For example, our current pilot data look something like this (not the full data; the sem for n=1 trials was imputed on a heuristical-measure, as discussed above)
arm_name | metric_name | mean | sem | trial_index | n | |
---|---|---|---|---|---|---|
0 | 0_0 | score | 6.51 | 0.94 | 0 | 4 |
1 | 0_1 | score | 3.37 | 0.56 | 0 | 4 |
2 | 0_2 | score | 5.95 | 0.59 | 0 | 3 |
3 | 0_3 | score | 3.49 | 0.42 | 0 | 2 |
4 | 0_4 | score | 13.91 | 0.99 | 0 | 1 |
5 | 0_5 | score | 4.80 | 0.99 | 0 | 1 |
Obviously, since 0_4
arm performs so well, the GPEI generates only 1 arm (the 0_4
arm) when we call ax.modelbridge.factory.get_GPEI().gen(10)

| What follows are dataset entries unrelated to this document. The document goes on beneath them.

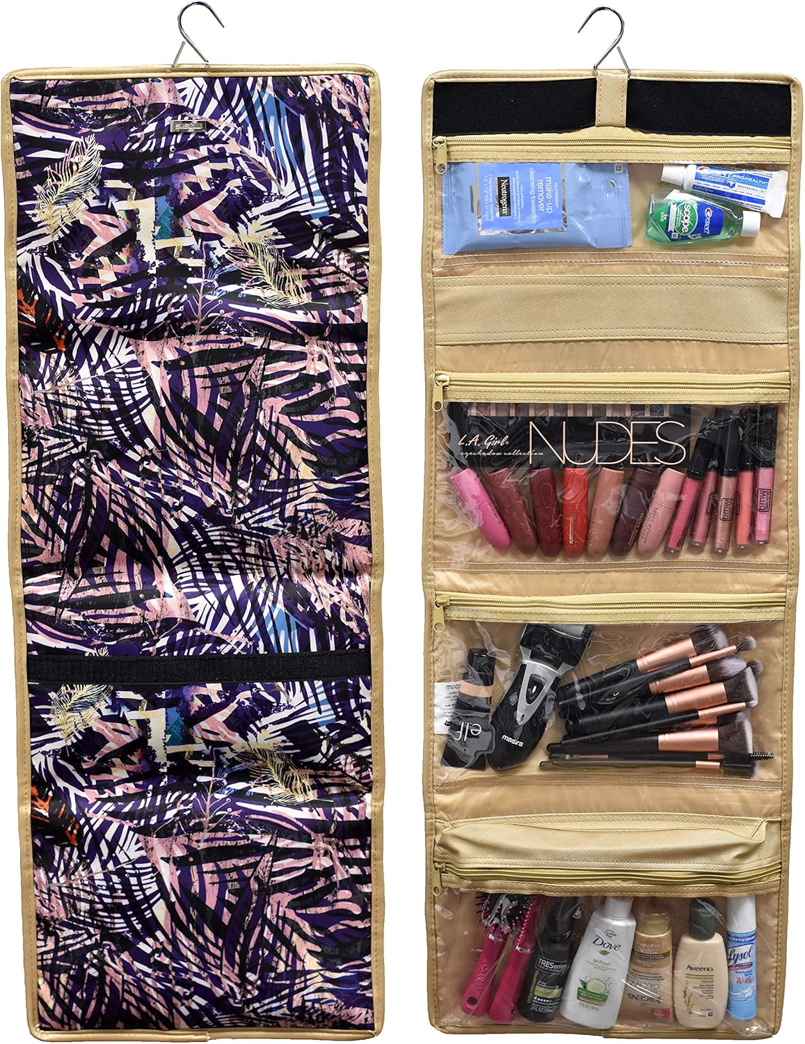 Travelers will especially enjoy the convenience of being able to pack up their toiletries, cosmetics and jewelry in one place. Zip up the pockets, tuck in the hook, fold the organizer in thirds and all your items are neatly stored away and ready to go.
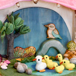 Inspirada en la canción infantil favorita de mi hijo "5 patitos", esta alfombra de juego para estanque de patos consta de Mamá Pata y 5 patitos amarillos. Nuestra alfombra de juego para el estanque de los patos está decorada con piedras de fieltro, flores amarillas y una hermosa hierba de fieltro hecha a mano con lana merino. Los patos han sido meticulosamente fieltrados y se pueden mover por el paisaje de juego.
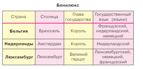 Расскажи по карте (с. 112) о странах Бенилюкса. Дополни эти сведения с помощью таблицы.

However, we think it is very likely that the extreme value of 0_4
is an outlier trial or some measurement error occurred. We think that the model will eventually begin generating some other recommendations if we feed in a lot of data with the 0_4
parameter with a relatively normal mean (although when we gave it mean=5.5 and sem=1 in the next four consecutive trials which still generated only one recommendation). However, since the cost of the field experiment that we are doing is quite costly (both logistically and monetarily), we wanted to see if there is any way we can consider this kind of "outlier" trial a bit better.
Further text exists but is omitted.